Por supuesto, todas las amigas de Mariela que se habían resentido por cómo se había borrado mientras estuvo con Juan Pablo, reaparecieron por unos días para decir, palabras más palabras menos, que ella tenía la culpa de todo.
Ella lo había criado, lo había convertido de Ceniciento en Príncipe mientras ella pasaba de Princesa a Patito Feo.
Y Mariela, con sus casi 15 kilos de más y su mamá despotricando contra los hombres todo el día, terminó bajando la cabeza y aceptando que era su culpa. En sus ratos más filosóficos llegó a formular la siguiente sentencia: “Los hombres ven una mina y les gusta por lo que es, nosotras vemos un tipo y nos gusta por lo que puede llegar a ser gracias a nosotras”.
Yo le decía que, en el fondo, lo que definía a una persona como femenina o masculina es la presencia o ausencia del deseo de cortarle el pelo al otro. Y eso también se aplica a los gays, pero Mariela no se reía.
Durante un tiempo se transformó en un radiador de tristeza, soledad, fracaso y desolación. En sus estanterías, Simone de Beauvoir y Marguerite Yourcenar reemplazaron a Agatha Cristie y Paulo Coelho. Nadie quería estar con ella ni aguantarle los interminables llantos y mucho menos su madre, por lo que se tuvo que ir a vivir sola. Aunque en realidad, más que irse a vivir sola, se instaló y vivió intermitentemente en mi casa y en la de su mejor amiga, con los consabidos y esperables inconvenientes.
Pero un día en casa teníamos fernet y zapatos nuevos, así que tuvimos que salir a bailar. Y unas semanas después Mariela se estaba maquillando y probando aros. Y entonces llegó la dieta y el gimnasio y el celular de Mariela se llenó de nombres masculinos. Y de golpe estábamos en Brasil bailando en la playa en medio de nudistas y divirtiéndonos como nunca antes.
Y Mariela ya no tenía miedo de que la encontraran en facebook sus viejas amistades y retomó psicología y, por supuesto, hizo un curso de italiano.
Y por fin llegó la noche de gloria, cuando salimos un Sábado a tomar algo y lo vimos a Juan Pablo tomando cerveza en un bar con un par de amigos con la mitad del cabello que tenía antes y con una cara de orto que volteaba. Y apenas el Lunes, Mariela descubrió que Juan Pablo la había agregado al facebook. Y apenas el martes, ya estaban chateando por el msn.
Y Mariela se enteró por Juan Pablo que Laura era caprichosa, inútil, llorona, adicta a los antidepresivos y que cada dos meses tenía un embarazo psicológico.
Un mes después de chats y mensajes, Mariela y Juan Pablo se juntaron a coger en un hotel. Él le dijo que le gustaría verla seguido, de vez en cuando, tipo huesito. Y ella le dijo que no tenía drama, pero nunca más se juntó con él a pesar de que Juan Pablo la invitó incluso a un fin de semana solos en las sierras.
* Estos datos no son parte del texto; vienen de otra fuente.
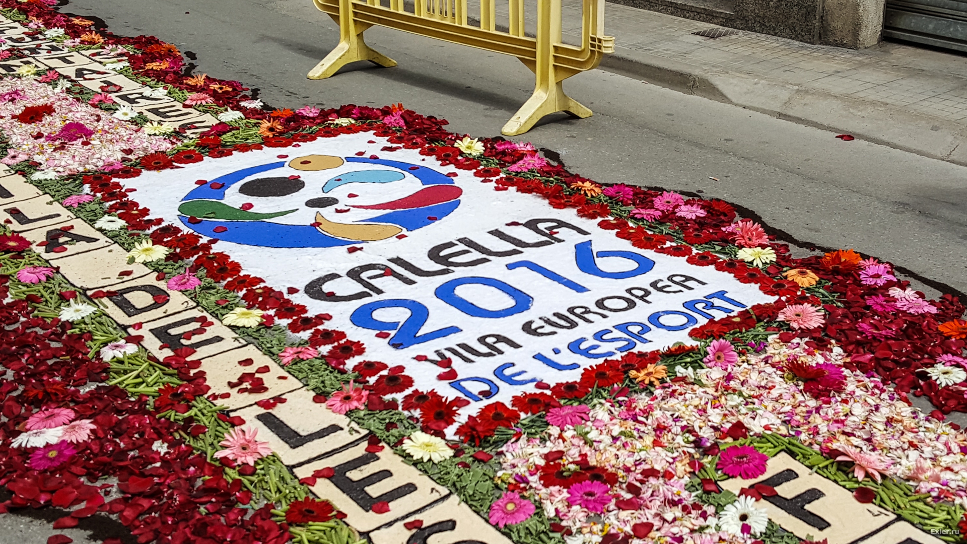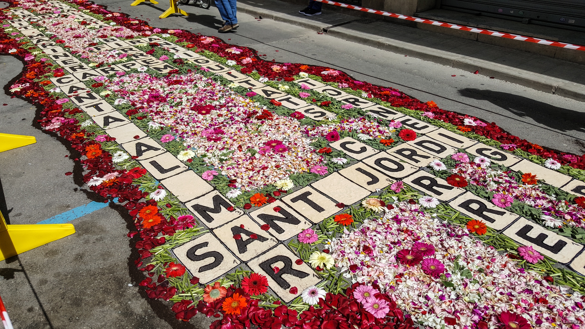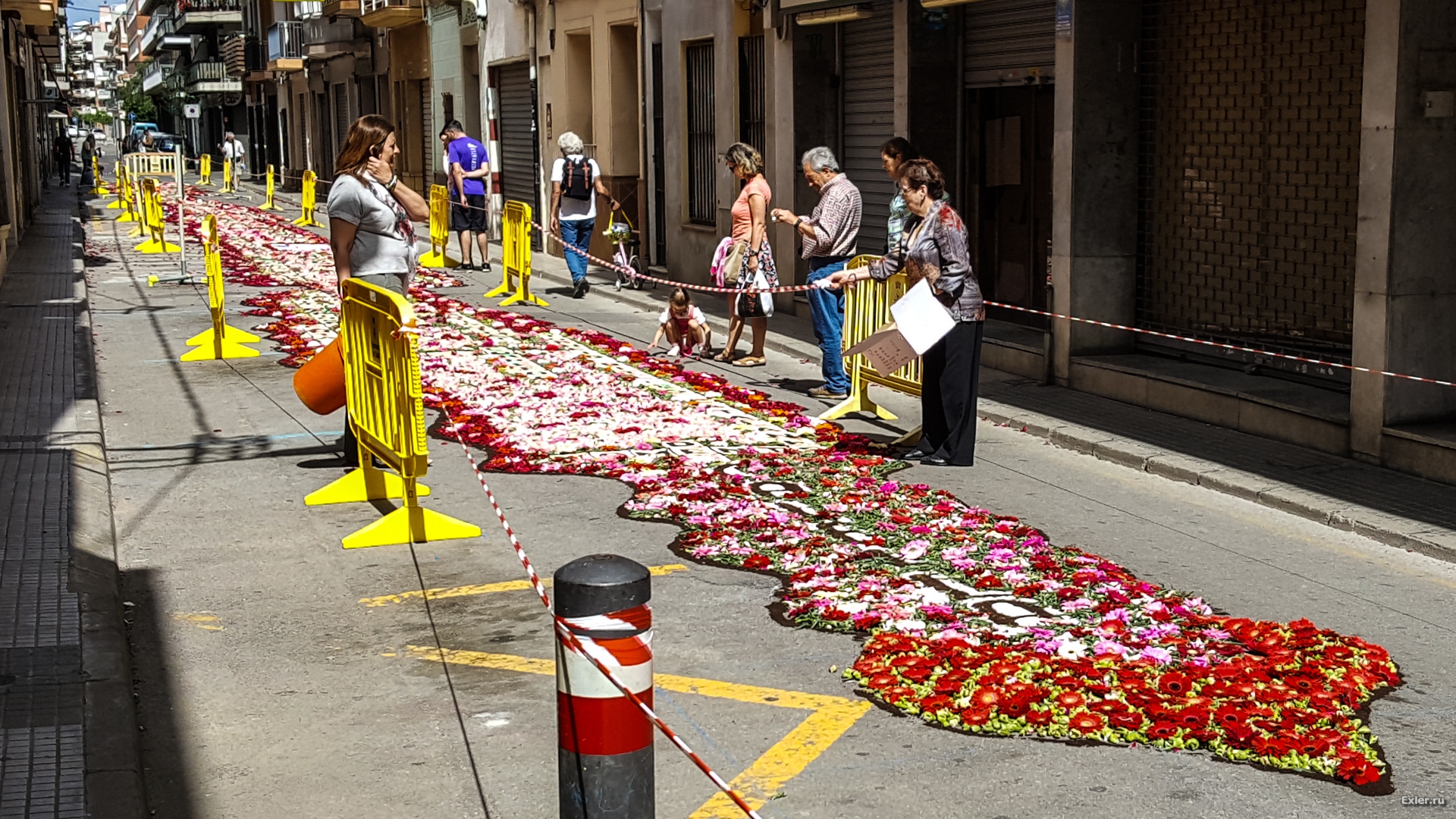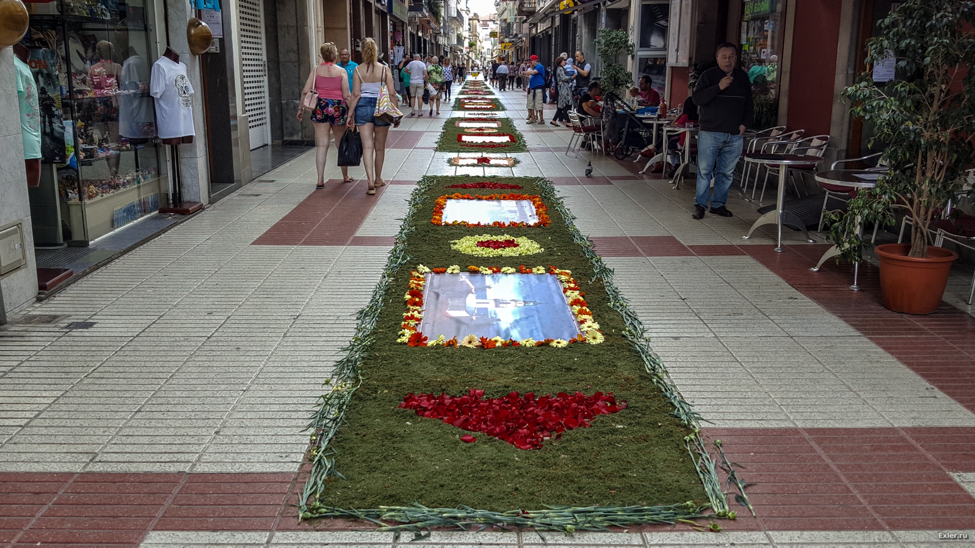 Alex Exler: В воскресенье в нашем городке, как обычно каждый год, было перекрыто несколько улиц, на которых прямо на асфальте выкладывали композиции из цветов и цветного песка. Традиция такая. Очень симпатичная, как и многие другие местные традиции.

Y entonces Mariela se dió cuenta que le daba lo mismo ver o no ver a Juan Pablo mientras él la llamaba 3 veces por día y se transformó en un radiador de alegría, triunfo, felicidad y éxito. Y hasta se le pararon un poco más las tetas.
Y uno de los que le miró las tetas fue Javier, un gringo de 30 años dueño de una concesionaria que juega al paddle todas las noches y que anoche le regaló a Mariela un anillo de plata y 86 rosas, “una por cada día que llevan juntos” (puajjjj!!).
Y yo necesitaba escribir todo ésto porque hoy al mediodía, mientras Mariela me provocaba náuseas contándome todas las frases románticas que le dice Javier, me dijo: “¿Sabés que pienso? Que si el Javi se hiciera un corte militar en vez de andar con los pelos así sueltos le quedaría mucho más cheto.”
Sí, estoy por comprar un bat de béisbol para molerla a palazos.